It’s not every day that a student society which has yet to hold its first event or even affiliate with Arc is the subject of four of the snarkiest hack jobs in a single Tharunka issue. Such was the case recently with LifeChoice UNSW, a club started to promote pro-life perspectives on the issues of abortion and euthanasia.
Nowhere has this opposition to our club been wackier then when Kylar Louisskian triumphantly declared us duplicitous because we aim to promote discussion while adhering to a set of philosophical principles. We have never pretended to espouse both pro-choice and pro-life views, only that we want to have a chance to express LifeChoice’s pro-life perspective.
Clearly our illustrious editor doesn’t understand the concept of student debate. Discussion in the real world requires dissenting perspectives. And that’s exactly what LifeChoice wants to provide: an alternative perspective on how we can approach issues of human rights, dignity, and personhood. We create discussion by hosting speakers and events which promote our view allowing our fellow students to engage and debate with those ideas.
Loussikian’s accusation could be made against literally any society on campus. Where was the protest when the Greens held their regular ‘politics in the pub’ event last week, clearly preferencing a particular set of ideological principles? I had a look at the UNSW Atheist society Facebook page, and shock horreur, not a single article in favour of a theistic worldview.
Every fair-minded student recognises that the purpose of these clubs is to provide a means for like-minded students to come together, discuss their views, and then present them to the wider university community. This doesn’t preclude intellectual discussion, but, on the contrary, gives it a solid foundation of rational principles.
Complex ethical questions deserve to be rigorously debated. This is especially true at a university, the marketplace of free ideas in our society. LifeChoice is about promoting ‘the dignity of all human life’, from the unborn to the elderly and everyone in between. We choose to discuss abortion and euthanasia, not because we hate women or freedom, but because we feel these issues intersect with the fundamental questions in our society: the beginning of life, and what it means to be a human being.

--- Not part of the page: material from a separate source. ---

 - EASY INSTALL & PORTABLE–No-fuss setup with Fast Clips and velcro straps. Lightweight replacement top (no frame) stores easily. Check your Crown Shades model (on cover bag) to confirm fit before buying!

A lot has been said about LifeChoice: who we are, what we stand for, and why we exist as a club. We’ve been called ‘moronic sycophants’, radically political, deranged, and even misogynistic. None of this even faintly resembles reality.

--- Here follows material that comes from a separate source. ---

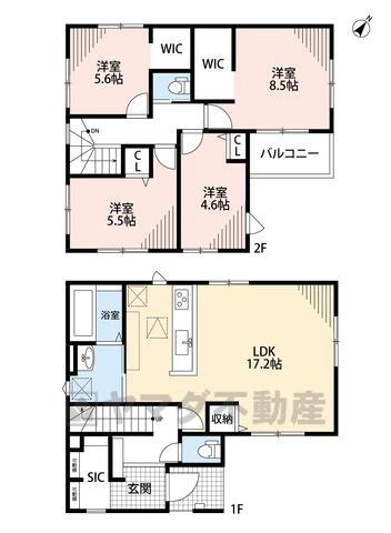 LDK17.2畳(1F)、洋8.5畳(2F)、洋5.6畳(2F)、洋5.5畳(2F)、洋4.6畳(2F) |

Despite Loussikian’s protests to the contrary, this has everything to do with free speech, not just for pro-life students but anyone who disagrees with the narrow ideological agenda of our campus elite. This is about the disenfranchisement of a segment of students, on the basis of their ethical views.

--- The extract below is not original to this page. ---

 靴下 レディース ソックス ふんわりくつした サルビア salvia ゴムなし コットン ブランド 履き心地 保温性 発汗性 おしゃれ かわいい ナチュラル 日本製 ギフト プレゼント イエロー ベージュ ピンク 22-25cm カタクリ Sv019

We want to contribute to intellectual discourse at UNSW. We can’t impose our views any more than other students. We don’t want to see law changes, or lobby any politicians. We simply want to express our views, have them heard and challenged at our university. NoVaticanconspiracy. No duplicity. Just straight-up, students doing what students do best.
President, LifeChoice UNSW
An edited version of this opinion piece is published in Tharunka.